Dataset excerpt Start Marker

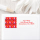 Red and Yellow Floral Tile Pattern address labels. Customisable labels with a pink flower and three green vines in the middle with yellow scrolling design on the sides on a red background pattern.
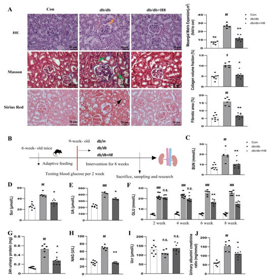 H8 improved the glomerular and tubular pathological changes and renal function in db/db mice. (A) HE staining, Masson staining, and Sirius Red staining of kidney sections in mice (original magnification 400×; scale bar = 50 µm). Orange arrow represents the glomerular mesangial expansion; green arrows represent accumulation of fibrosis in renal tubule; and black arrow represents formations of collagen in renal tubule. (B) The experimental design for the DN treatment in mice. (C) BUN (mmol/L). (D) Scr (µmol/L). (E) UA (µmol/L). (F) GLU (mmol/L). (G) 24 h urinary protein (mg). (H) NAG (U/L). (I) Ucr (µmol/L). (J) Urinary albumin/creatinine ratio (mg/mmol). Data are shown as mean ± S.D. (db/m n = 8, db/db n = 6, and db/db + H8 n = 8). # p < 0.05, ## p < 0.01, and ### p < 0.001 compared to Con group; * p < 0.05, ** p < 0.01 compared to db/db group; n.s. represents no significant difference in statistics.
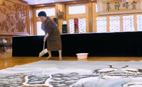 感叹祖国幅员辽阔的同时,也被陈丽华的绘画技巧所“惊艳”:她居然把宣纸铺在地上,手拿一个扫把,蘸上墨水,大刀阔斧的开始作画——其动作之潇洒,技巧之大胆,堪称一绝!

Dataset excerpt End Marker

● Work to complete:
Everything in the listing must be restated word for word, except for the pictures.

● Response:
 Red and Yellow Floral Tile Pattern address labels. Customisable labels with a pink flower and three green vines in the middle with yellow scrolling design on the sides on a red background pattern.
 H8 improved the glomerular and tubular pathological changes and renal function in db/db mice. (A) HE staining, Masson staining, and Sirius Red staining of kidney sections in mice (original magnification 400×; scale bar = 50 µm). Orange arrow represents the glomerular mesangial expansion; green arrows represent accumulation of fibrosis in renal tubule; and black arrow represents formations of collagen in renal tubule. (B) The experimental design for the DN treatment in mice. (C) BUN (mmol/L). (D) Scr (µmol/L). (E) UA (µmol/L). (F) GLU (mmol/L). (G) 24 h urinary protein (mg). (H) NAG (U/L). (I) Ucr (µmol/L). (J) Urinary albumin/creatinine ratio (mg/mmol). Data are shown as mean ± S.D. (db/m n = 8, db/db n = 6, and db/db + H8 n = 8). # p < 0.05, ## p < 0.01, and ### p < 0.001 compared to Con group; * p < 0.05, ** p < 0.01 compared to db/db group; n.s. represents no significant difference in statistics.
 感叹祖国幅员辽阔的同时,也被陈丽华的绘画技巧所“惊艳”:她居然把宣纸铺在地上,手拿一个扫把,蘸上墨水,大刀阔斧的开始作画——其动作之潇洒,技巧之大胆,堪称一绝!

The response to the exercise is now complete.